Sorry man, that's just how I see it.
A few corrections if I may.
1)Panther was a 16/32 - Bit Hybrid. 16-Bit CPU and 32-Bit GPU. it was also a colossal waste of resources.
2)Panther was originally intended to have a simultaneous release with the Lynx, but Atari lacked the resources to support 2 flagship consoles at launch, so Panther was put on the back burner.
Toys R Us got caught colluding with NES to lock Atari out, they would leave the jaguar in the back and tell customers they were out of stock.
As I recall, Toys R Us and NES did this to a lot of companies (NEC being the one I'm familiar with).
To be fair, they probably weren't always lying with how scarce stock of the Jaguar was.
tin hat owner right here!!!!
@@ScotsmanGamer Actually I was trying to find the book on it I read years ago. It was during the great game crash of the 80's when all the arcades were going under. Sega and Nintendo wanted to enter the console market, but ATARI had all the patents on things like , a removable rom cartage, the plugs and cables etc and Atari had almost all the games as well as a much better system.
Nintendo and Sega were booth tied up in lawsuits with Atari but put out their systems anyway. And then an Private investigator hired by Atari (public record btw ) caught them with a parabolic mike talking on the golf course, it happened. "in 1988, Atari sued Nintendo for unfair competition under the Sherman Antitrust Act. Nintendo responded by counter-suing Atari for unfair competition, copyright infringement, and patent infringement. The lawsuit was settled in 1994 with Atari paying Nintendo damages and using some of its patent licenses. "
Nintendo sued Atari for bypassing their lockout to allow them to sell games for the Nintendo.
"For unfair competition under the Sherman Antitrust Act" and Atari won PUBLIC RECORD LOOK IT UP!
Sega lost their cases, but Sega won the patent case (easier to prove) and Atari had to pay (insult to injury) Toys R- Us however got the short end of that stick and got back at Atari as they had a sweetheart deal with Sega and Nintendo for selling games.
@@quintessenceSL NEC's failure has more factors than just sleazy competition though.
I.e look at the TX16 vs the og PC-Engine. They made it as big as a hi fi unit, making it so its mostly empty plastic without components.
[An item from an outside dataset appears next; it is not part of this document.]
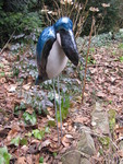 2012Een fantasie vogel op ijzeren poten die in de grond staan. De vogel is in 3 kleuren geglazuurd. De opgegeven hoogte is exclusief de poten, dus alleen van de vogel.

Alot of the REALLY good pc-engine games also were JRPGs - something only really huge in the west by FF VII (FF III [VI in Japan) if youre generaous).
The amazing arcade ports on there were more niche than something like a Sonic or Mario.
This doesn't really adress the more fundamental problems with Jaguar, and with 90s Atari in general:
1) Mid-generation consoles always struggle. They struggle with attracting customers, who are still satisfied with their current systems, and they struggle with attracting 3rd party developers, who won't spend much resources on an unproven (and unpopular) system while there are already established systems.
The Jaguar _did_ get some decent-ish 3rd party support, but most of it was barely-improved 16-bit ports that didn't take advantage of the system's power, and might even hurt more than it helped as such releases made the system look weaker than it was. This would have likely remained the case even if the system was easier to develop for or better documented, because 3rd party developers won't put their full force behind a system without a userbase.
2) Atari's first-party games simply weren't up to the standard of Nintendo, Sega or even NEC/Hudson, neither in terms of gameplay nor tech/graphics. As such, few would buy the system and Atari'll remain unable to attract 3rd party developers.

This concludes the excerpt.